Materials and methods

Part 1

After approval of the study by the Institutional Review Board, a retrospective review of all patients at the University of Iowa Hospitals & Clinics between January 1984 and December 2004 who developed ptosis following subtenon's steroid injection was performed. These were performed by five ophthalmologists in the department, although most of the injections were administered by two ophthalmologists (CF, JF). After a drop of proparacaine and application of 4% lidocaine to the superotemporal conjunctiva on a cotton-tipped pledget for a few minutes, an eyelid speculum was placed under the upper and lower eyelids. One cc of 40 mg/cc TAA (Kenalog-40, Bristol-Myers Squibb, Princeton, NJ, USA) was injected into the superotemporal quadrant of subtenon's space with a 1 1/2 inch 25-gauge needle. Patient demographics, type of uveitis, type and number of surgeries, pre- and post-injection marginal reflex distance (MRD1), time from steroid injection to the date ptosis was first noted, and outcomes were evaluated.

Part 2

After Institutional Animal Care and Use Committee review and approval, four New Zealand white male rabbits (weight range: 4–6 lbs) were purchased by Harlan Sprague (Indianapolis, IN, USA). Each of the rabbits was anaesthetized with ketamine 50 mg and acepromazine 5 mg. One cc of kenalog (40 mg/cc) was injected in the superotemporal quadrant of subtenon's space of the left eye. The subtenon's space in the fellow eye (right eye) was injected with 1 cc of normal saline as a control (Figure 1). After 18 days, the animals were euthanized with euthasol 1 cc (390 mg pentobarbital, 50 mg phenytoin) by injection into the cardiac muscle. The levator muscle and aponeurosis of the upper eyelids were harvested (Figure 2) and placed in paraformaldehyde. Light microscopy was performed on tissue sections.

Figure 1
figure 1

Triamcinolone acetonide injection. Injection of TAA was performed in the superotemporal quadrant in subtenon's space in the New Zealand rabbit.

Figure 2
figure 2

Dissection of levator tissues. The levator muscle and aponeurosis were harvested from the New Zealand rabbit.

Results

Part 1

Of over 900 subtenon's steroid injections, 22 patients had documented ptosis that prompted referral for evaluation. There were 15 females and seven males.

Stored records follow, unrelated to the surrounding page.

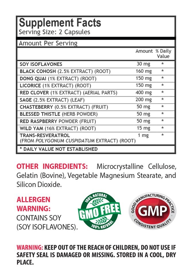 WOMEN?S SUPPORT COMPLEX NATURAL: Black cohosh is a perennial herb of the buttercup family also known as bugbane and black snakeroot and it is native to Eastern North America. Red clover can help boost your ability in post-menopausal women. It is a storehouse of many vitamins, nutrients, and minerals. Dong Quai is most commonly used as a female sex drive herb to support uterine tone and strength, for menstrual regularities and to encourage menstruation.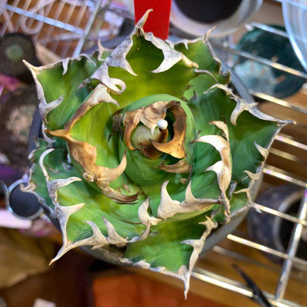 2021.4.28 成長点付近の葉先に粘土を付けました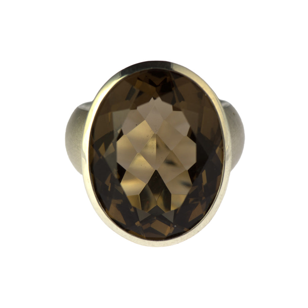 Bei dem Schmuckstück handelt es sich um einen in Handarbeit gefertigten Ring "Alice" aus 925 Silber mit einem ovalen facettierten Rauchquarz, ca. 20,5 ct. Der Ring hat eine Höhe von 2,7 mm, eine Breite von 8,8 mm und die Ringweite 57.

The average age was 44.6 years (range: 14–85 years, median 43, mean 27). Thirteen right eyes and nine left eyes were involved. Steroid injections were administered for cystoid macular oedema secondary to the following: uveitis after cataract extraction (five), pars planitis (three), multifocal choroiditis (three), juvenile rheumatoid arthritis (three), HLA-B27 uveitis (two), histoplasmosis (two), AZOOR (one), Birdshot uveitis (one), psoriatic uveitis (one), recurrent uveitis (one).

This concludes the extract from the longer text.